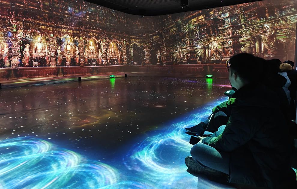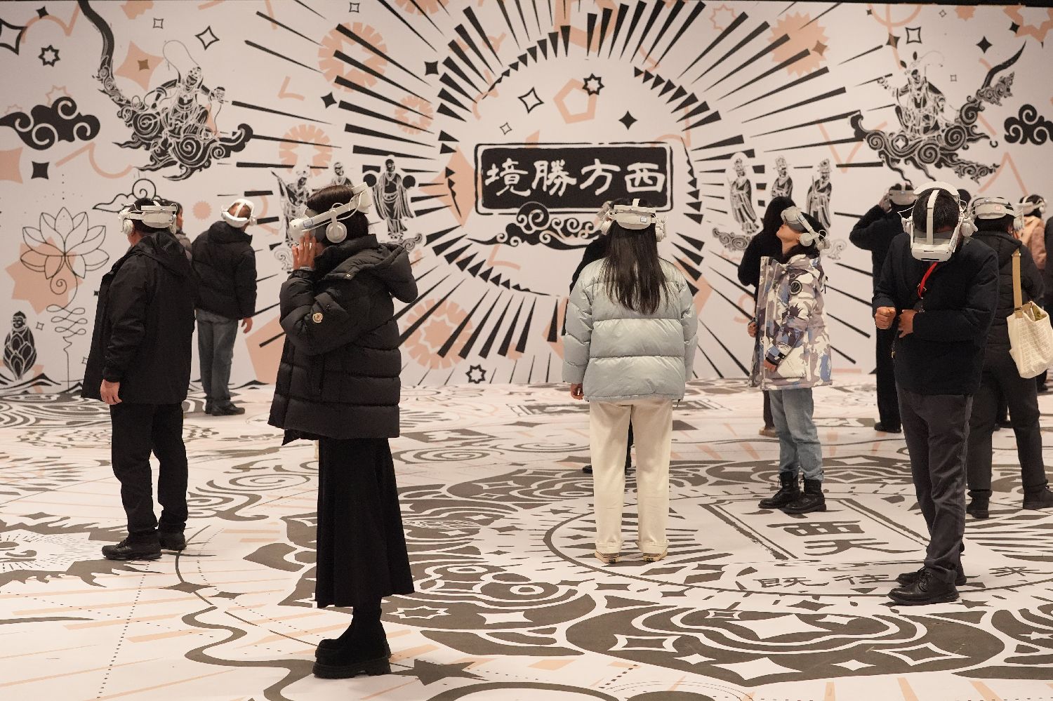12月22日,观众通过VR眼镜感受数字化小西天悬塑。(中国日报)
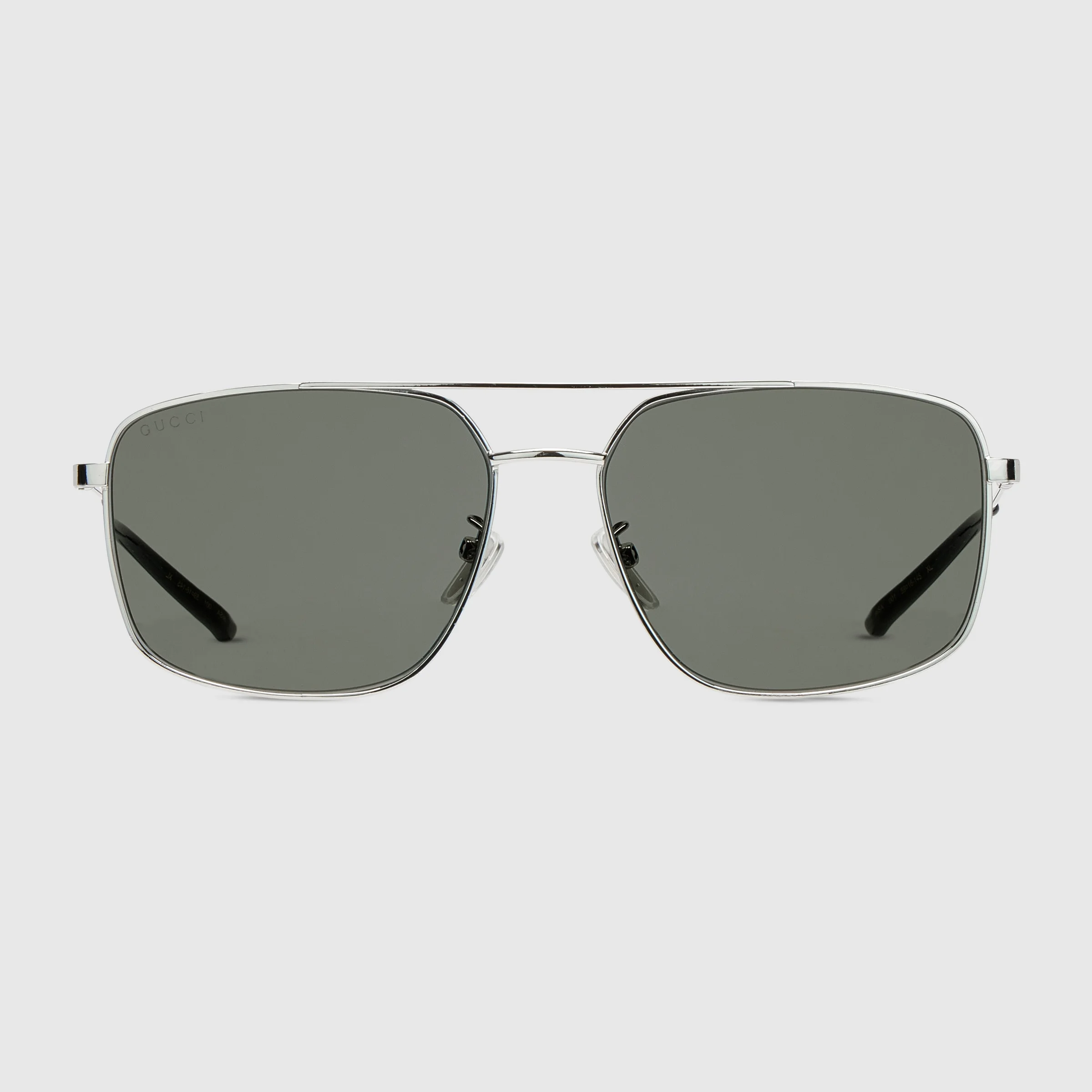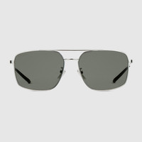 The House's eyewear collection continues to reinterpret emblematic motifs, from the GG, Web, bamboo, Horsebit and equestrian inspirations, in sumptuous materials, intricate craftsmanship, and fresh hues. These specialized fit navigator sunglasses are presented in silver-toned metal with a Web detail across the temples. - Shiny silver-toned metal frame - Shiny silver-toned metal temples with Web detail and black acetate end tips - Grey lens - 100% UVA/UVB protection - Adjustable nose pads - GG2096SA - Temple length: 5.7"; Lens height: 1.8"; Nose bridge length: 0.6" - Frame height: 5.7"; Frame width: 1.8"; Hinge to hinge: 5.5" - The eyewear case in the House’s signature Rosso Ancora red hue is complete with a magnetic closure and white interior
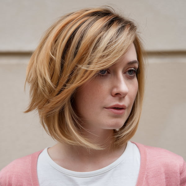 Blonde Layered Bob with Bangs features soft, face-framing layers paired with chic bangs, adding volume and movement. The bright blonde shade enhances the playful, youthful vibe, making it a stylish choice for a fresh, modern look.
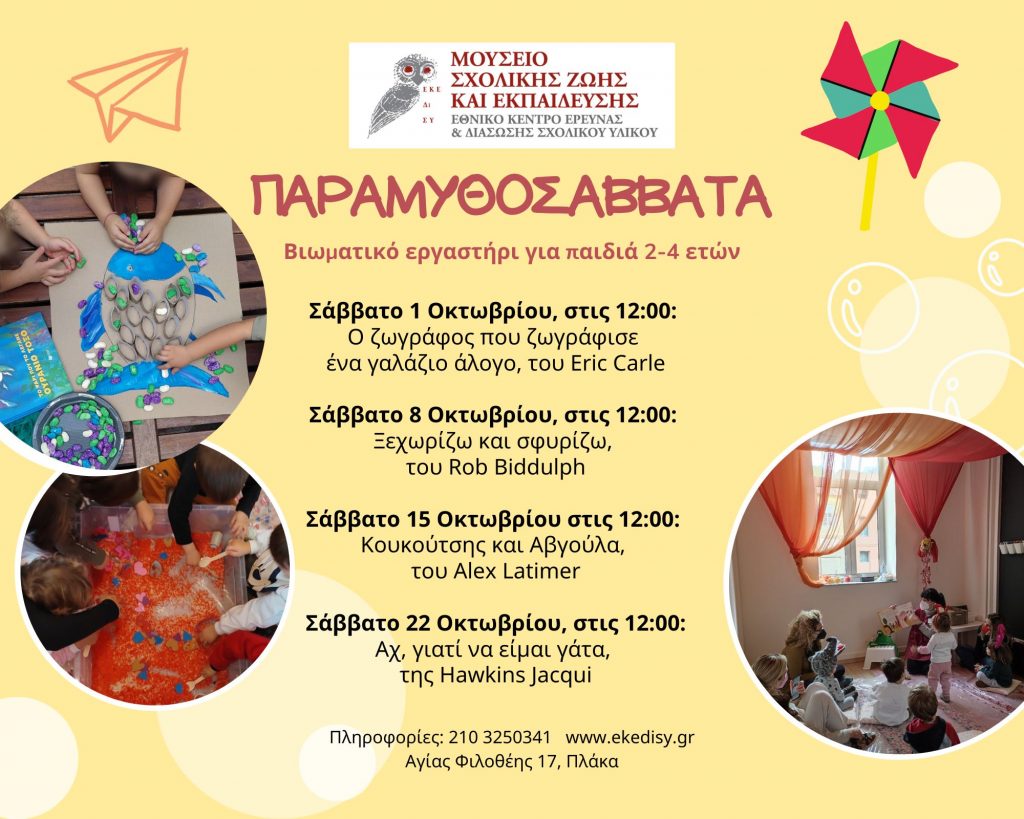 Κόστος Συμμετοχής: 12€ (ο κύκλος 4 εργαστηρίων Οκτωβρίου 40€)
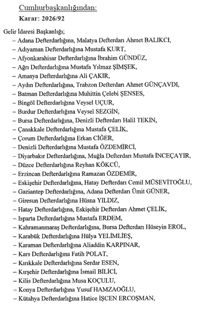 Cumhurbaşkanlığı tarafından yapılan atamalara ilişkin kararlara göre, Hazine ve Maliye Bakanlığı Gelir İdaresi Başkanlığınca aralarında Bursa'nın da bulunduğu 44 ilin defterdarlıklarına atama yapıldı.
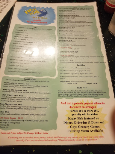 The service was good. Our server was always checking up on us and was very friendly. The food, however, was not at all what I expected. Between the reviews and a recommendation from a coworker, I was expecting eclectic but tasteful dishes. Unfortunately, the food was very subpar. I had the Krazy Grill with chicken and pork with a black eyed pea salad and jalapeno cheese grits. The chicken and pork were decent, but both tasted almost exactly the same. The black eyed pea salad was sweet, so I didnt really eat more than a bite of that. The jalapeno grits (which I was really excited about) didnt have much flavor at all. And my cornbread was dry and unappetizing. My husband had the Seafood Creole. For an $18 plate, I expected so much more. It tasted like the seafood had been defrosted and refrozen, there was very little salt, and none of the creole flavors you would expect. It honestly tasted like a watery mess. The green beans he had on the side were over-cooked and under-seasoned. My daughters fried shrimp were soggy, but her macaroni and cheese was decent. I had really great expectations, and Krazy Fish sadly fell very short of those.
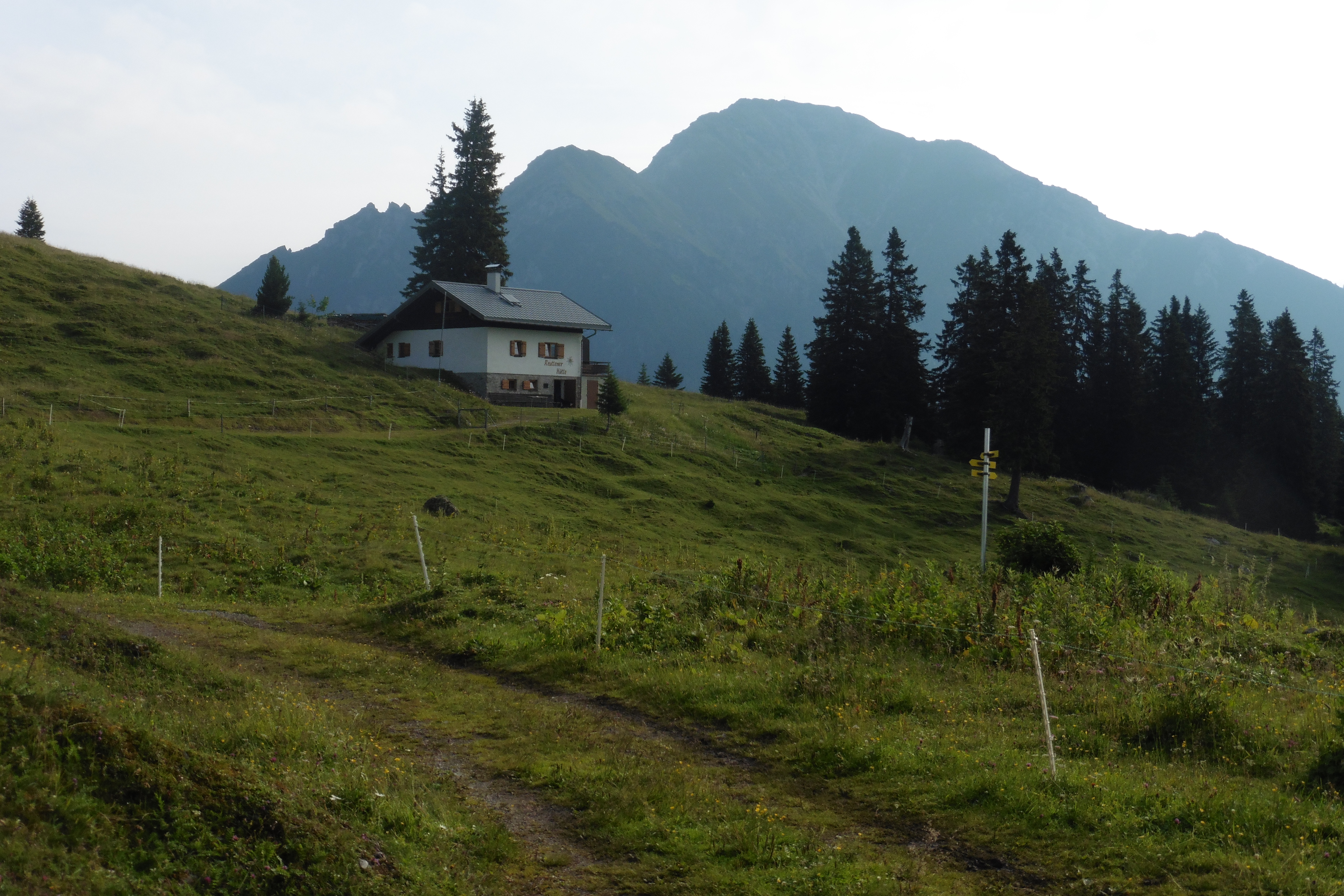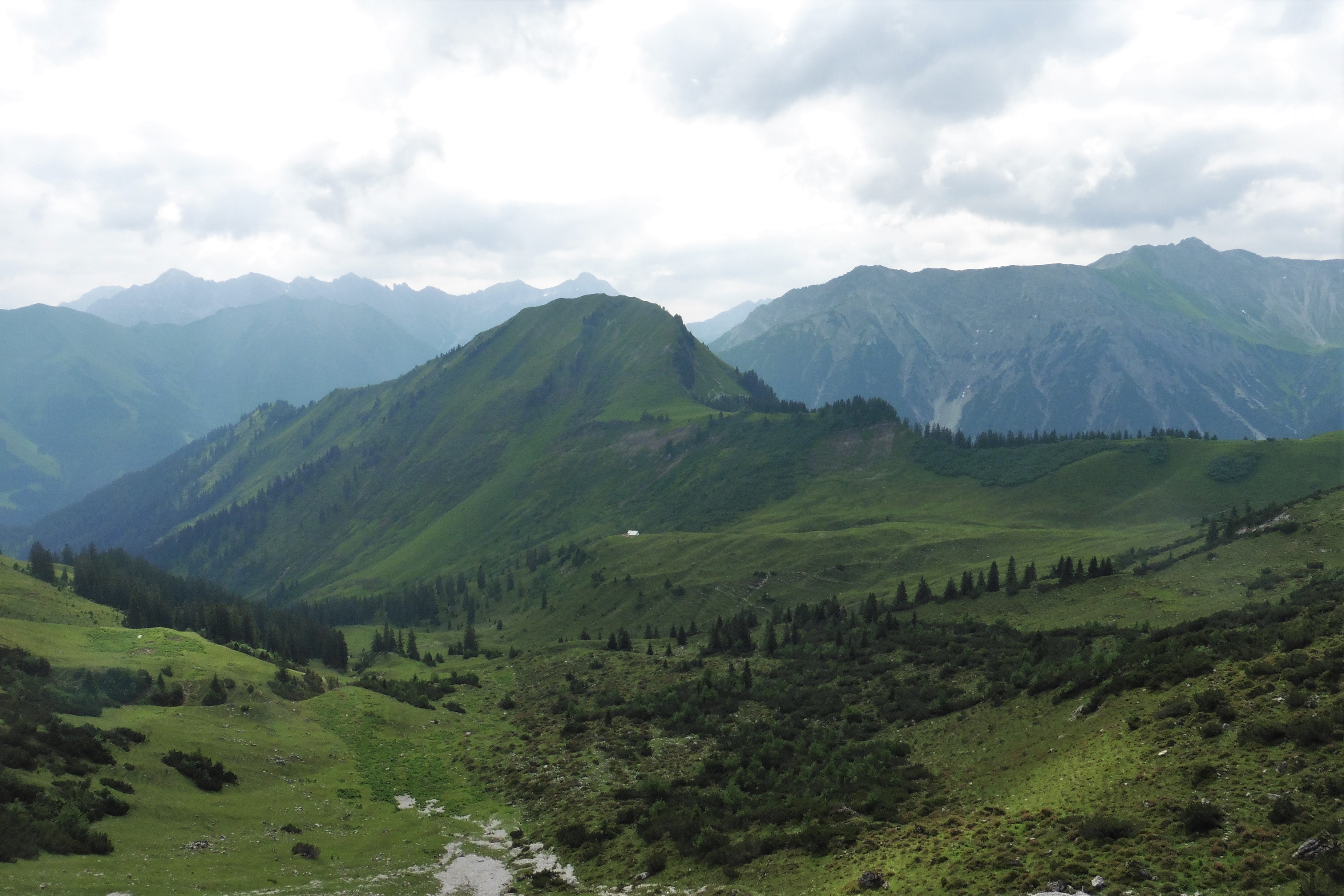 Bild 5: unter der Kelmer Spitze leuchtet das Dach der Raaz-Galtalpe; über diese führt der weitere Abstieg;
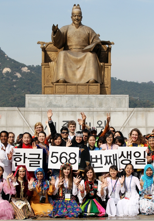 한글날을 하루 앞둔 8일 서울 광화문광장 세종대왕 동상 앞에서 전세계 세종학당에서 한국어를 공부하는 외국인들이 각기 자국의 전통 의상을 입고 한글 창제 기념 퍼포먼스를 선보이고 있다.
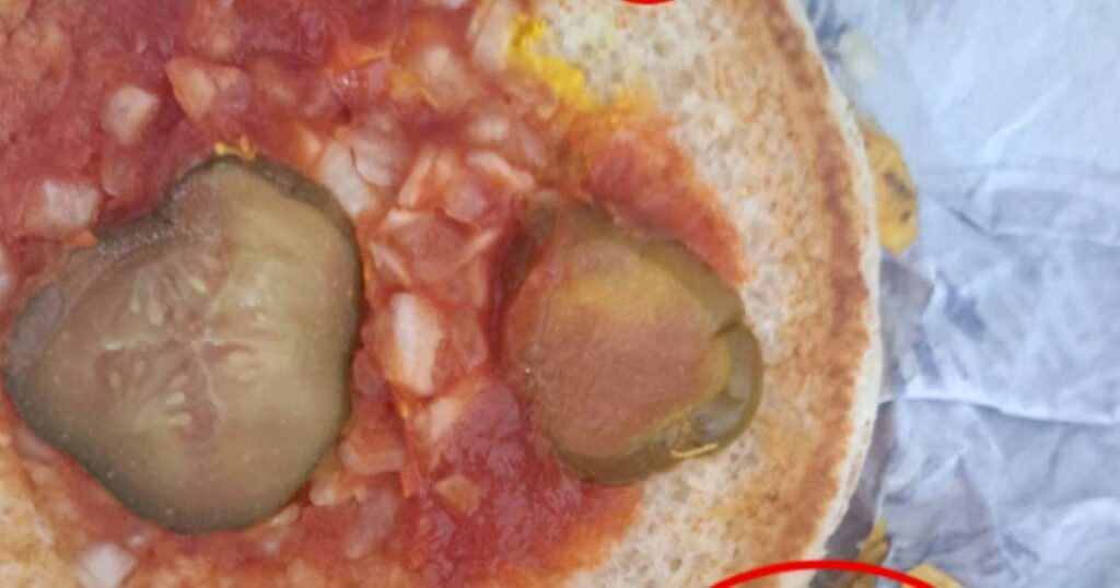 Den brittiska kvinnan öppnade burgaren och blev chockad när hon såg vad som fanns därinne.
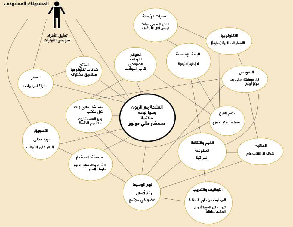 وبالنظر إلى شكل "خريطة نظام-نشاط إدوارد جونز"، ستجد أن عرض القيمة الخاص بهذه الشركة هو تقديم خدمات مشورة مريحة وموثوقة وشخصية الطابع. وما يميز الشركة وجود مستشار مالي واحد فقط في كل مكتب من مكاتبها، الأمر الذي يتيح لها نشر مكاتب أكثر على امتداد البلاد مقارنةً بالمنافسين ليصل عدد تلك المكاتب في الولايات المتحدة إلى 10 آلاف مكتب. وفي المقابل نجد أن منافستها شركة ميرل لينش، لديها حوالي 15 ألف وسيط، إنما مع 1000 مكتب فقط. وتضع شركة جونز مكاتبها في مراكز التسوق ومناطق البيع بالتجزئة في المناطق الريفية والضواحي بدلاً من المباني الشاهقة في وسط المدينة أو المربعات التجارية في المدن الكبرى بغرض تسهيل زيارة عملائها الذين تستهدفهم، في أوقات تناسبهم، ولرغبتها في توفير بيئة مريحة وأنيقة ومُرحِّبة. وتتطلب هذه الاختيارات وحدها أن يختلف تكوين شركة جونز اختلافاً جذرياً عن شركات الوساطة الأخرى، إذ أنه ومع عدم وجود إدارة إقليمية أو مكتب فرعي يوفر التوجيه أو الدعم، على كل مستشار مالي أن يتصرف كرائد أعمال يدير أعماله بكل سعادة وحماس. ونظراً لأن هؤلاء الأشخاص يمثلون استثناءً في الصناعة، يتعين على "جونز" توظيف مستشاريها الماليين من صناعات أو خلفيات مختلفة غير مالية، وإنفاق مبالغ كبيرة على تدريبهم. فحتى عام 2007، وعندما تحولت الشركة إلى خدمة قائمة على الإنترنت، كانت تستخدم شبكة أقمار صناعية خاصة بها، لتزويد المكاتب المنتشرة على امتداد البلاد بعروض الأسعار في الوقت الفعلي، والسماح لتلك المكاتب بإنجاز الصفقات. ونظراً لوجود 10 آلاف مكتب منفصل لدى الشركة، زادت تكاليفها فيما يتعلق بالعقارات والاتصالات بنحو 50% عن مثيلاتها في الصناعة. ومع ذلك، تسمح جميع هذه المكاتب للمستشارين الماليين الذين يديرونها بتقديم خدمات ومشورة مريحة وموثوقة وشخصية الطابع.
* * * *
**HOW TO COMPLETE THIS TASK**
Using the material above, retype each entry exactly and omit the pictures.

**SOLUTION TO THIS EXERCISE**
12月22日,观众通过VR眼镜感受数字化小西天悬塑。(中国日报)
 The House's eyewear collection continues to reinterpret emblematic motifs, from the GG, Web, bamboo, Horsebit and equestrian inspirations, in sumptuous materials, intricate craftsmanship, and fresh hues. These specialized fit navigator sunglasses are presented in silver-toned metal with a Web detail across the temples. - Shiny silver-toned metal frame - Shiny silver-toned metal temples with Web detail and black acetate end tips - Grey lens - 100% UVA/UVB protection - Adjustable nose pads - GG2096SA - Temple length: 5.7"; Lens height: 1.8"; Nose bridge length: 0.6" - Frame height: 5.7"; Frame width: 1.8"; Hinge to hinge: 5.5" - The eyewear case in the House’s signature Rosso Ancora red hue is complete with a magnetic closure and white interior
 Blonde Layered Bob with Bangs features soft, face-framing layers paired with chic bangs, adding volume and movement. The bright blonde shade enhances the playful, youthful vibe, making it a stylish choice for a fresh, modern look.
 Κόστος Συμμετοχής: 12€ (ο κύκλος 4 εργαστηρίων Οκτωβρίου 40€)
 Cumhurbaşkanlığı tarafından yapılan atamalara ilişkin kararlara göre, Hazine ve Maliye Bakanlığı Gelir İdaresi Başkanlığınca aralarında Bursa'nın da bulunduğu 44 ilin defterdarlıklarına atama yapıldı.
 The service was good. Our server was always checking up on us and was very friendly. The food, however, was not at all what I expected. Between the reviews and a recommendation from a coworker, I was expecting eclectic but tasteful dishes. Unfortunately, the food was very subpar. I had the Krazy Grill with chicken and pork with a black eyed pea salad and jalapeno cheese grits. The chicken and pork were decent, but both tasted almost exactly the same. The black eyed pea salad was sweet, so I didnt really eat more than a bite of that. The jalapeno grits (which I was really excited about) didnt have much flavor at all. And my cornbread was dry and unappetizing. My husband had the Seafood Creole. For an $18 plate, I expected so much more. It tasted like the seafood had been defrosted and refrozen, there was very little salt, and none of the creole flavors you would expect. It honestly tasted like a watery mess. The green beans he had on the side were over-cooked and under-seasoned. My daughters fried shrimp were soggy, but her macaroni and cheese was decent. I had really great expectations, and Krazy Fish sadly fell very short of those.
 Bild 5: unter der Kelmer Spitze leuchtet das Dach der Raaz-Galtalpe; über diese führt der weitere Abstieg;
 한글날을 하루 앞둔 8일 서울 광화문광장 세종대왕 동상 앞에서 전세계 세종학당에서 한국어를 공부하는 외국인들이 각기 자국의 전통 의상을 입고 한글 창제 기념 퍼포먼스를 선보이고 있다.
 Den brittiska kvinnan öppnade burgaren och blev chockad när hon såg vad som fanns därinne.
 وبالنظر إلى شكل "خريطة نظام-نشاط إدوارد جونز"، ستجد أن عرض القيمة الخاص بهذه الشركة هو تقديم خدمات مشورة مريحة وموثوقة وشخصية الطابع. وما يميز الشركة وجود مستشار مالي واحد فقط في كل مكتب من مكاتبها، الأمر الذي يتيح لها نشر مكاتب أكثر على امتداد البلاد مقارنةً بالمنافسين ليصل عدد تلك المكاتب في الولايات المتحدة إلى 10 آلاف مكتب. وفي المقابل نجد أن منافستها شركة ميرل لينش، لديها حوالي 15 ألف وسيط، إنما مع 1000 مكتب فقط. وتضع شركة جونز مكاتبها في مراكز التسوق ومناطق البيع بالتجزئة في المناطق الريفية والضواحي بدلاً من المباني الشاهقة في وسط المدينة أو المربعات التجارية في المدن الكبرى بغرض تسهيل زيارة عملائها الذين تستهدفهم، في أوقات تناسبهم، ولرغبتها في توفير بيئة مريحة وأنيقة ومُرحِّبة. وتتطلب هذه الاختيارات وحدها أن يختلف تكوين شركة جونز اختلافاً جذرياً عن شركات الوساطة الأخرى، إذ أنه ومع عدم وجود إدارة إقليمية أو مكتب فرعي يوفر التوجيه أو الدعم، على كل مستشار مالي أن يتصرف كرائد أعمال يدير أعماله بكل سعادة وحماس. ونظراً لأن هؤلاء الأشخاص يمثلون استثناءً في الصناعة، يتعين على "جونز" توظيف مستشاريها الماليين من صناعات أو خلفيات مختلفة غير مالية، وإنفاق مبالغ كبيرة على تدريبهم. فحتى عام 2007، وعندما تحولت الشركة إلى خدمة قائمة على الإنترنت، كانت تستخدم شبكة أقمار صناعية خاصة بها، لتزويد المكاتب المنتشرة على امتداد البلاد بعروض الأسعار في الوقت الفعلي، والسماح لتلك المكاتب بإنجاز الصفقات. ونظراً لوجود 10 آلاف مكتب منفصل لدى الشركة، زادت تكاليفها فيما يتعلق بالعقارات والاتصالات بنحو 50% عن مثيلاتها في الصناعة. ومع ذلك، تسمح جميع هذه المكاتب للمستشارين الماليين الذين يديرونها بتقديم خدمات ومشورة مريحة وموثوقة وشخصية الطابع.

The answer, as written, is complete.